Gradient flows and proximal splitting methods: A unified view on accelerated and stochastic optimization

Guilherme França, Daniel P. Robinson, and René Vidal
Phys. Rev. E 103, 053304 – Published 10 May 2021

Abstract

Optimization is at the heart of machine learning, statistics, and many applied scientific disciplines. It also has a long history in physics, ranging from the minimal action principle to finding ground states of disordered systems such as spin glasses. Proximal algorithms form a class of methods that are broadly applicable and are particularly well-suited to nonsmooth, constrained, large-scale, and distributed optimization problems. There are essentially five proximal algorithms currently known, each proposed in seminal work: Forward-backward splitting, Tseng splitting, Douglas-Rachford, alternating direction method of multipliers, and the more recent Davis-Yin. These methods sit on a higher level of abstraction compared to gradient-based ones, with deep roots in nonlinear functional analysis.
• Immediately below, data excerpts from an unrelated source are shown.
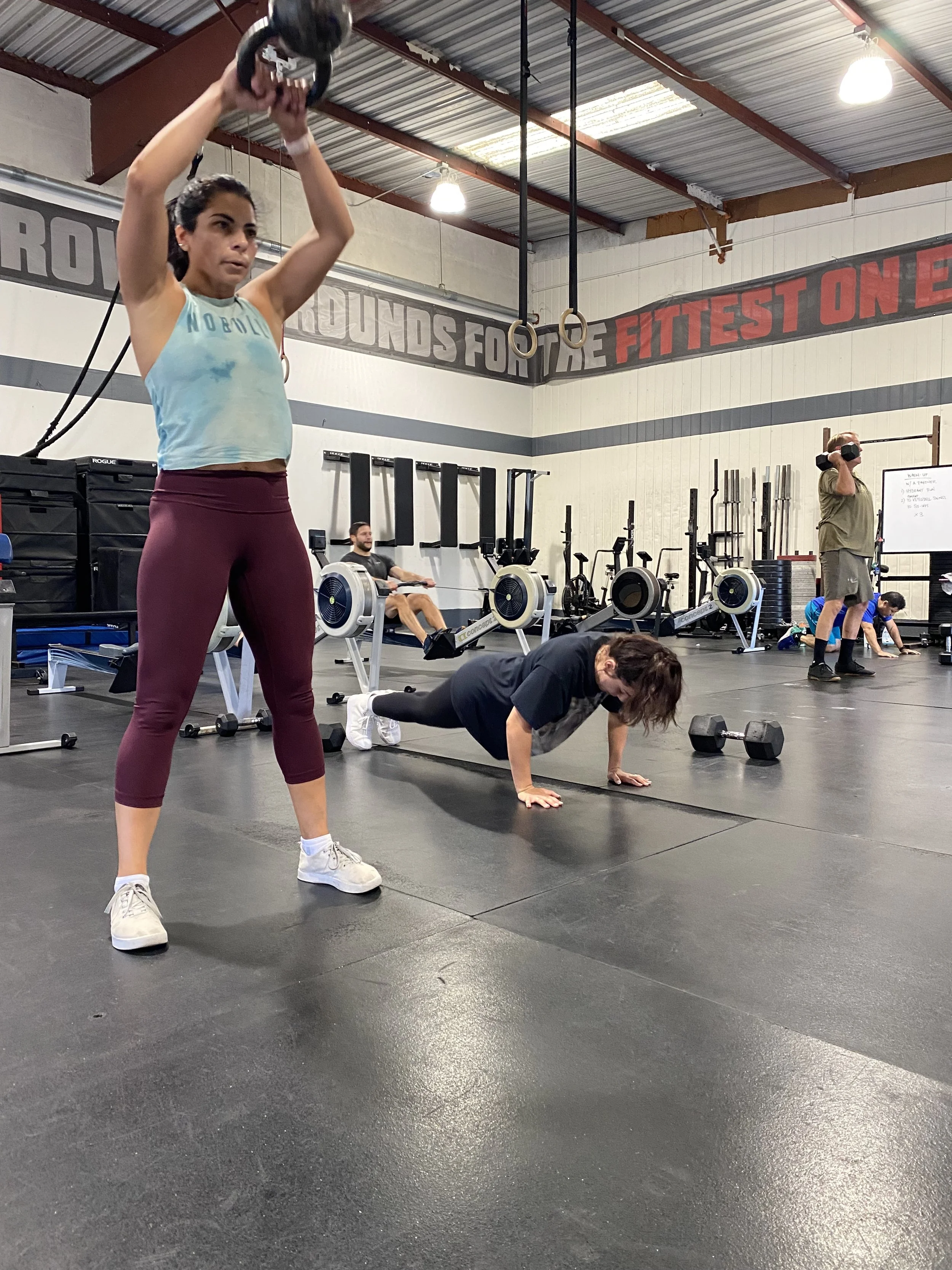 50 ft overhead walking lunge (45/35 lb barbell)
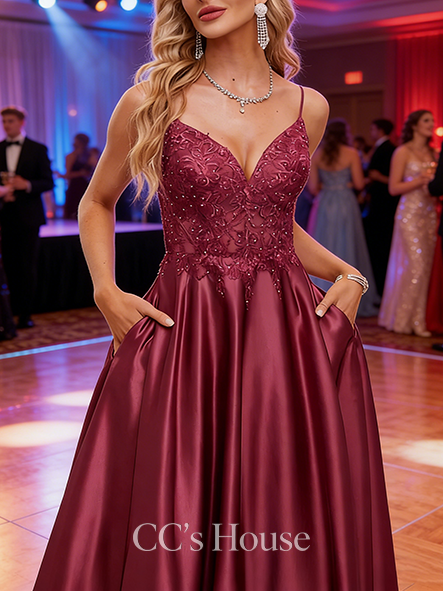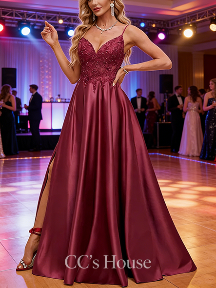 - A-line Elegant V-Neck Sweep Train Satin Prom Dresses
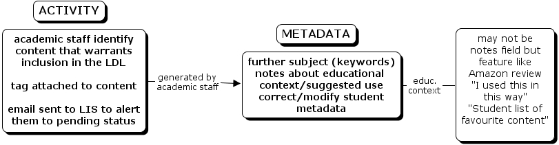 metadata workflow 2 b&w, academic staff identify content that warrants inclusion in the ldl tag attached to content email sent to lis to alert them to pending status, metadata, may not be notes field but feature like amazon review i used this in this way student list of favourite content , activity, further subject (keywords) notes about educational context suggested use correct modify student metadata

In this paper we show that all of these methods are actually different discretizations of a single differential equation, namely, the simple gradient flow which dates back to Cauchy (1847). An important aspect behind many of the success stories in machine learning relies on “accelerating” the convergence of first-order methods. However, accelerated methods are notoriously difficult to analyze, counterintuitive, and without an underlying guiding principle. We show that similar discretization schemes applied to Newton's equation with an additional dissipative force, which we refer to as accelerated gradient flow, allow us to obtain accelerated variants of all these proximal algorithms—the majority of which are new although some recover known cases in the literature. Furthermore, we extend these methods to stochastic settings, allowing us to make connections with Langevin and Fokker-Planck equations. Similar ideas apply to gradient descent, heavy ball, and Nesterov's method which are simpler. Our results therefore provide a unified framework from which several important optimization methods are nothing but simulations of classical dissipative systems.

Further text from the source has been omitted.